MachtkampfRichter in Ägypten wollen Verfassungsreferendum boykottieren

Am 15. Dezember sollen die Ägypter über die neue Verfassung abstimmen. Doch nun haben die Richter des Landes die Aufsicht über das Referendum offiziell abgelehnt. von afp, dpa und reuters

Anhänger des ägyptischen Präsidenten Muhammed Mursi vor dem Obersten Verfassungsgericht in Kairo

Anhänger des ägyptischen Präsidenten Muhammed Mursi vor dem Obersten Verfassungsgericht in Kairo  |  © Amr Abdallah Dalsh/Reuters

Der Machtkampf in Ägypten spitzt sich weiter zu. Nachdem das Verfassungsgericht seine Arbeit ausgesetzt hatte, kündigte der ägyptische Richterverband nun einen Boykott des geplanten Referendums über die neue Verfassung an. In Ägypten führen bei Wahlen traditionell die Richter die Aufsicht. Damit dürfte es den Islamisten schwerfallen, das für den 15. Dezember angesetzte Referendum zu organisieren.

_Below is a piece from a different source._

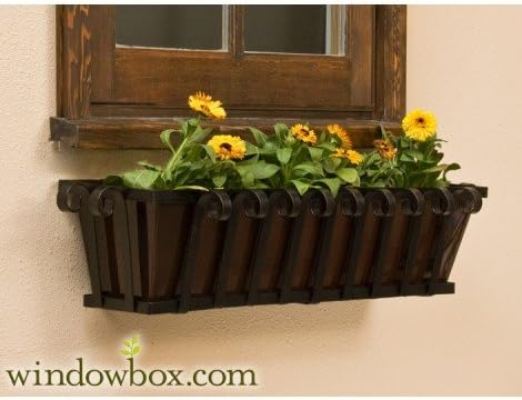 These Venetian Decora Window Boxes feature Galvanized Metal Liners that are powder coated Bronze and are available in seven different sizes. These new Bronze Galvanized Metal liners are extremely rust resistant and provide more planting depth then the garden center style liners. Finished with a beautiful rolled top trim and holes for drainage these Galvanized Liners are a perfect complement to the Venetian iron work design . Installing Venetian Decora Window Boxes overflowing with your favorite flowers will add charm, elegance and a touch of your personal style to any home. Bolts sold separately and not included. Your hardware will vary depending on the surface you are mounting your window box planter to.

"Alle Richter Ägyptens und die Richterclubs außerhalb der Hauptstadt sind darin übereingekommen, das Referendum über ein Verfassungsprojekt nicht zu beaufsichtigen und es zu boykottieren", erklärte der Richterclub-Vorsitzende Ahmed al-Sind nach Angaben der amtlichen Nachrichtenagentur Mena.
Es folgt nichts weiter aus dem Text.